What role should a college or university play in the life of the community within which it resides?
We’re all aware that our institutions represent a substantial presence in the community. We have a major economic impact, for one thing: The university is a major employer of local residents; indeed, in smaller towns, it’s often the major employer. Our faculty and staff shop nearby and pay income, property, and sales taxes.
In the noneconomic arena, college employees send their children to local schools, worship at local churches, are active in service organizations, and contribute in many ways to shaping the mores, customs, and practices of the broader community. In many towns, the community’s identity is yoked to that of the college—even for those residents who have no direct involvement in or relationship with the university.
Yet we often fail to share what could be one of the most important contributions to the life of the community: the remarkable collective intellectual capital of our faculties. We have, up close and personal, a group of people able to help us understand the events that affect and sometimes threaten us. The aggregate intellectual capital represented by a faculty at an American college, even a small one, is vast: Economists, biologists, philosophers, engineers, and historians are teaching and researching the most pressing issues of the day.
Yet in my experience, we too seldom take advantage of this resource in an intentional and systematic way. Colleges’ ivy-covered walls are often obstacles to building the kind of intellectual connections that are instrumental not only to positive relations but also to creating a strong community that can deal with new and daunting challenges. We too often hoard our intellectual resources as if they ought to be used only in service of our students’ educations. That perspective is shortsighted and ultimately corrosive of community.
Consider some of our country’s most pressing issues. How will our economy revive from its recession? Why are gasoline prices on the rise again, and will they continue to go up? Will the Tea Party movement become a durable and powerful force shaping American politics for years to come? We have on our faculties expertise that is pertinent to the lives of those in our communities—not in an abstract or esoteric way, but relevant to the daily conduct of our affairs. At my institution, the University of Evansville, we’ve been thinking creatively about ways to share the intellectual resources of our faculty, and we have developed a new program that has been well received in the community.
How the program works: The program, called “Think Outside the Lunch Box,” brings our university’s faculty to an off-campus venue—the Old National Bank in downtown Evansville—to give brief talks about current issues and events. Each presentation is about 20 to 25 minutes long, and is followed by an often spirited question-and-answer session. The university provides the speakers and arranges the venue; those attending are free to bring a lunch.
We began the program with a talk before the November midterm elections given by Robert Dion, one of our associate professors of political science, followed by a postelection assessment by Professor Dion and me (I’m a political scientist myself, taking time off to be a university president). Since then, “Think Outside the Lunch Box” has focused on revolutions in the Arab world, the psychology of suicide, WikiLeaks and free speech, coping with holiday stress, and—most recently—a very well-attended presentation entitled “Ga$ Pain$,” at which Michael Zimmer, a professor of economics, evaluated the factors accounting for spikes in gasoline prices. (His talk is available for viewing at http://www.youtube.com/watch?v=sbVwAAk8qRo.)

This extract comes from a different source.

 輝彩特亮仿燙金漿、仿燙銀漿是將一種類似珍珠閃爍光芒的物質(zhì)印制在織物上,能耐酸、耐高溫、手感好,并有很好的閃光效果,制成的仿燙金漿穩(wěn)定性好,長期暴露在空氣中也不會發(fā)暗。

The talks are designed to be accessible and encourage dialogue with our faculty presenters. They are not dry lectures about niche topics, but rather lively discussions of events and issues that shape our lives in direct and indirect ways. Encouragingly, we’ve had little difficulty recruiting faculty to speak: Those of us who’ve done such off-campus presentations typically find them to be stimulating and enjoyable. What a pleasure to be talking to folks highly motivated to attend, who have a life perspective shaped by real experience, and who value the intellectual authority of a faculty member because they see its relevance for their lives.
Benefits: The program produces real benefits for both the university and for Evansville. What college or university wouldn’t want to forge a more positive relationship with the broader community? Such a relationship can prove very valuable when issues arise that have the potential to pit the institution against the interests of at least some in the community. In addition, helping local residents recognize that the college cares about their interests can be an important corrective to—or inoculation against—the town/gown strains that are all too common in university communities.

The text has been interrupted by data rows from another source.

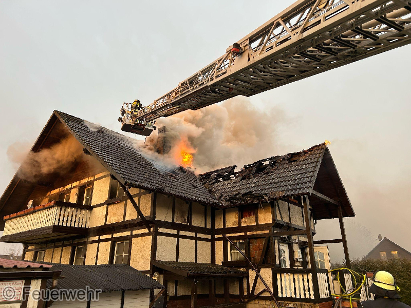 Zur Brandbekämpfung wurden mehrere Trupps unter Atemschutz über die Drehleiter eingesetzt. Teile der Dachdeckung wurden entfernt, um alle Glutnester zu erreichen.
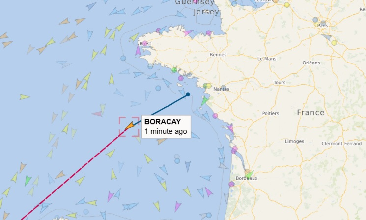 Танкер Boracay покинул место стоянки на границе территориальных вод Франции в Бискайском заливе поздно вечером 2 октября. Об этом говорят данные АИС судов. Танкер, который перевозит до 115 тыс. тонн российской нефти, возвращается на прежний курс и указывает, что планирует прибыть 14 октября к Суэцкому каналу.
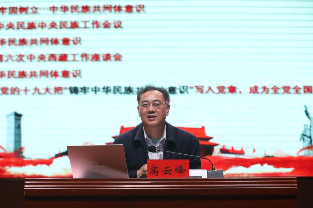 高云峰研究员从理论内涵、历史脉络、政治要求、政策表述等多个角度,深入浅出地解读了铸牢中华民族共同体意识、推行国家统编教材使用和推进通用语言文字教育的重要意义,详细解答了“怎么看”和“怎么办”两个问题。高云峰强调,各位入党积极分子要认真领会铸牢中华民族共同体意识的深刻内涵,不折不扣的贯彻党和国家的方针政策,坚决推行国家统编教材使用和国家通用语言教育,真正做到“两个维护”,做“铸牢中华民族共同体意识”坚定的维护者和忠实的践行者,凝聚起同心共筑伟大中国梦的磅礴力量,为庆祝中国共产党成立一百周年奉献青春力量。
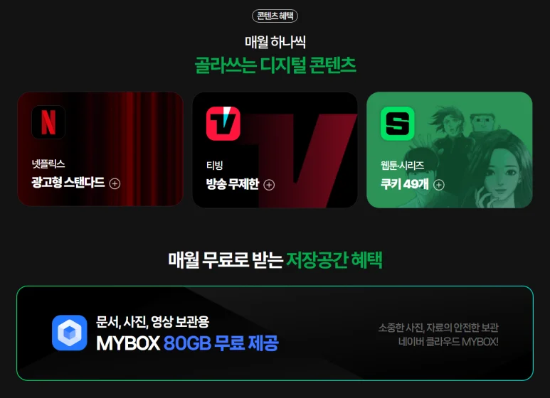 여기에 더해, 네이버의 파일 드라이브인 MYBOX 80gb도 매월 무료로 제공돼요.

Perhaps most important, creative use of the intellectual capital of our institutions can help all of us to better understand that we live in one world and one community, and that a local college is not some ivory tower divorced from the realities of the town or city surrounding it. The University of Evansville has only begun to explore this connection. It is especially important that these opportunities occur off-campus, for it symbolizes a willingness to go into the city—and to towns and cities somewhat further afield—rather than expecting the community to come to us.

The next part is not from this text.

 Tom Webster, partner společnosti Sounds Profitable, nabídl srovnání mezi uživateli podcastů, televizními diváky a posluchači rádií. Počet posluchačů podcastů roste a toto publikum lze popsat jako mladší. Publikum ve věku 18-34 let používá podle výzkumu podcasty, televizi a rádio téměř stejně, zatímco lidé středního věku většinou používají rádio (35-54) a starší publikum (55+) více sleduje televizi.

University administrators talk a lot about the need to build bridges to our communities, but too often it’s just lip service, and we haven’t thought creatively about how to build them. We need look no further than our faculties to identify a community resource of immense potential and value to those with whom we live. The payoff for fostering such connections will be substantial and long-lasting, for residents of Evansville and its environs are seeing faculty not as distant and inaccessible intellectuals, but as people anxious to share their expertise with their neighbors.